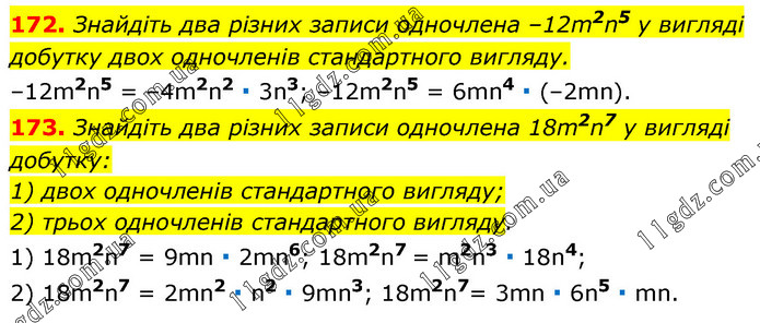 172. Знайдіть два різних записи одночлена –12m2n5 у вигляді добутку двох одночленів стандартного вигляду. –12m2n5 = –4m2n2 ∙ 3n3; –12m2n5 = 6mn4 ∙ (–2mn). 173. Знайдіть два різних записи одночлена 18m2n7 у вигляді добутку: 1) двох одночленів стандартного вигляду; 2) трьох одночленів стандартного вигляду. 1) 18m2n7 = 9mn ∙ 2mn6; 18m2n7 = m2n3 ∙ 18n4; 2) 18m2n7 = 2mn2 ∙ n2 ∙ 9mn3; 18m2n7= 3mn ∙ 6n5 ∙ mn.
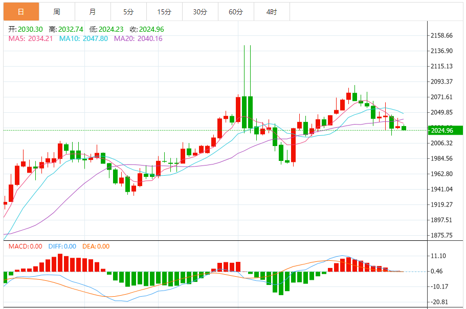 今天的预期交易区间:在2010.00支撑和2045.00阻力之间。
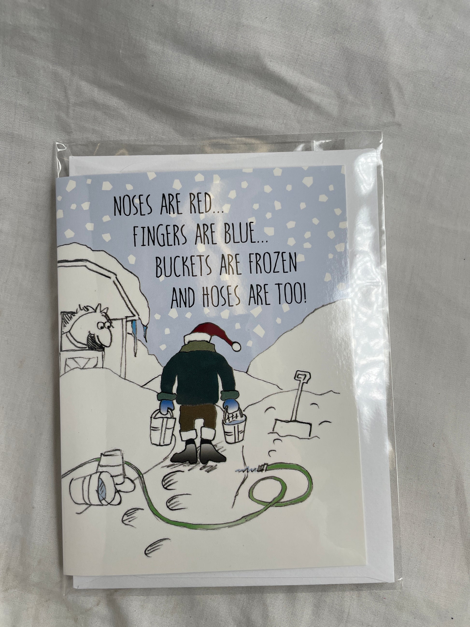 Noses are Red, Fingers are Blue, Buckets are Frozen, and Hoses are too holiday card with envelope. Inside: Wishing you the happiest and warmest of holidays!
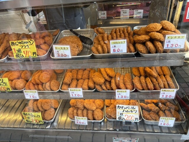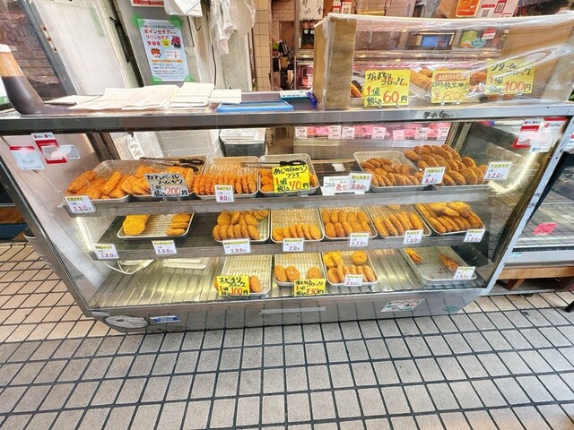 コロッケ、アジフライ等の惣菜類が超豊富!夕飯のおかずはここにきたら迷わないほどバラエティーが豊富な店だ!地元でも根強い人気を誇っている!

Task brief: Output the complete listing exactly as it appears, except for the images.

Solution to this exercise:
 172. Знайдіть два різних записи одночлена –12m2n5 у вигляді добутку двох одночленів стандартного вигляду. –12m2n5 = –4m2n2 ∙ 3n3; –12m2n5 = 6mn4 ∙ (–2mn). 173. Знайдіть два різних записи одночлена 18m2n7 у вигляді добутку: 1) двох одночленів стандартного вигляду; 2) трьох одночленів стандартного вигляду. 1) 18m2n7 = 9mn ∙ 2mn6; 18m2n7 = m2n3 ∙ 18n4; 2) 18m2n7 = 2mn2 ∙ n2 ∙ 9mn3; 18m2n7= 3mn ∙ 6n5 ∙ mn.
 今天的预期交易区间:在2010.00支撑和2045.00阻力之间。
 Noses are Red, Fingers are Blue, Buckets are Frozen, and Hoses are too holiday card with envelope. Inside: Wishing you the happiest and warmest of holidays!
 コロッケ、アジフライ等の惣菜類が超豊富!夕飯のおかずはここにきたら迷わないほどバラエティーが豊富な店だ!地元でも根強い人気を誇っている!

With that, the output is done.